The National Database for Autism Research (NDAR) is a secure research data repository promoting scientific data sharing and collaboration among autism spectrum disorder (ASD) investigators. The project was launched in 2006 as a joint effort between five institutes and centers at the National Institutes of Health (NIH): the National Institute of Mental Health (NIMH), the National Institute of Child Health and Human Development (NICHD), the National Institute of Neurological Disorders and Stroke (NINDS), the National Institute of Environmental Health Sciences (NIEHS), and the Center for Information Technology (CIT). The goal of NDAR is to provide a shared common platform for data collection, retrieval, and archiving to accelerate the advancement of research on autism spectrum disorders. The largest repository of its kind, NDAR makes available data at all levels of biological and behavioral organization for all data types. As of November 2013, data from over 90,000 research participants are available to qualified investigators through the NDAR portal. Summary information about the available data is accessible through the NDAR public website.

Background 
In response to the heightened societal concern over ASD, the United States Congress passed the Combating Autism Act (CAA) of 2006 (P.L. 109-416). Through this Act, Congress intended to rapidly increase and improve coordination of scientific discovery in ASD research. The CAA mandated the creation of the Interagency Autism Coordinating Committee (IACC), a federal government advisory panel charged with developing and annually updating a Strategic Plan for ASD research. This plan provides a blueprint for autism research that is advisory to Congress, the Department of Health and Human Services, and other federal agencies on the needs and opportunities for autism research. The IACC Strategic Plan was designed to detail research opportunities centered on the six most pressing questions facing those affected by autism and links them to specific research efforts. In 2009, the plan was finalized and submitted to the Secretary of the Department of Health and Human Services; a seventh question related to infrastructure and surveillance needs was added to the plan in 2010.

NDAR was developed by the NIH with the goal of improving sample sizes and enabling researchers to share data for increased analyses. NDAR was already in the process of being developed when the seventh question of the IACC Strategic Plan was added. Question 7, Objective H of the IACC Strategic Plan emphasizes the creation of mechanisms to specifically support the contribution of data into NDAR from 90 percent of newly initiated projects regardless of funding source, and the linking of NDAR with other existing data resources by 2012.

Oversight and governance 
Thomas Insel, the Director of NIMH, oversees NDAR and its implementation and participates on a Governing Committee responsible for the ongoing management and stewardship of NDAR. This committee includes several other NIH Institute and Center directors or their designees.

The NDAR Implementation Team (NIT) is one of the groups providing direction on NDAR, specifically data submission and access, in order to promote consistent participant protections. The team is composed of program staff representing Institutes and Centers with autism research in their portfolios.

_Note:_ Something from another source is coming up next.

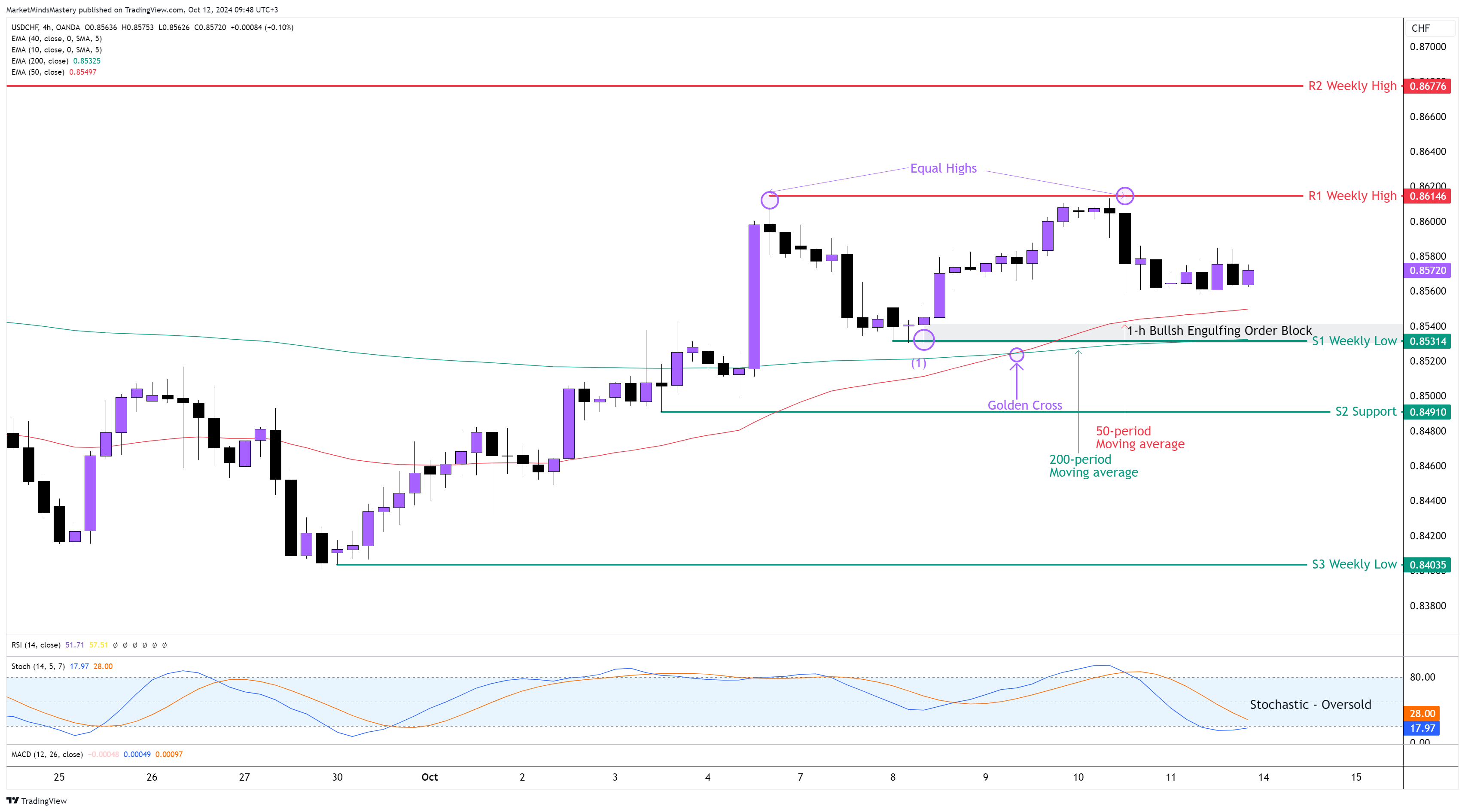 Öte yandan, fiyat reddedilir ve aşağı doğru hareket ederse, ilk destek alanı S1, bir önceki haftanın en düşük seviyesi olan yaklaşık 0,85314 olacaktır. Bu fiyat seviyesi, geçen hafta bir Bullish Engulfing Order Block oluşturulduğu için önemli kabul edilir ve fiyat için ek bir destek faktörü olarak hareket edebilir. Fiyat S1 desteğini aşarsa, döviz yükseliş trendi sona erecek ve Çift Tepe Dönüş Formasyonu teyit edilecektir. Fiyat aşağı doğru hareket etmeye devam ederse, bir sonraki destek alanı olan S2 0,84910 civarında olacaktır. Fiyat S2'yi aşar ve düşmeye devam ederse, bir sonraki destek alanı olan S3 0.84035'te olacaktır.

The Autism Informatics Consortium (AIC) was launched in 2011 with the goal of accelerating scientific discovery by making informatics tools and resources more useful to autism researchers. Current members include Autism Speaks, Kennedy Krieger Institute, Simons Foundation, Prometheus Research, and the NIH.

NDAR Organization 
The two key components that form the basis of NDAR are the Global Unique Identifier (GUID) for research subjects and the researcher-defined Data Dictionary to describe experiments. This platform requires that common data definitions and standards, as well as comprehensive and coherent informatics approaches, be developed for and with the involvement of the research community.

Global Unique Identifier (GUID) 
The NDAR GUID is a subject identifier used to protect the confidentiality of a research subject. When submitting data, an investigator who has appropriate access to a subject's personally identifiable information (PII) uses the GUID Tool to create a unique identifier for each subject in their study. Although a GUID is based on PII, a subject's PII never leaves the local research site. The GUID Tool requires basic information typically found on a birth certificate such as first name at birth, last name at birth, date of birth, gender at birth and city/municipality of birth which do not change throughout an individual's life. A one-way hash code sequence is then generated based on this input. The GUID Tool transmits the encrypted codes to NDAR. The submitted one-way hash code sequence is compared to other sequences previously submitted. If that sequence has already been registered and has an associated GUID already identified, then the same GUID will be returned to the researcher. If the sequence has not been previously registered, a new GUID is created and returned to the researcher. The GUID for a subject is the same regardless of the location or time where it is generated. If the same subject enrolls in another investigator's project or provides a biological specimen for a repository, the same information from his or her birth certificate is entered into the software by the second investigator and the same GUID is generated. Data are always submitted to NDAR in association with a GUID, and the data in NDAR are indexed by the GUIDs. In this way, data from a de-identified individual subject can be aggregated, tracked and linked across projects, time, databases, and biobanks allowing for a more complete picture of the subject.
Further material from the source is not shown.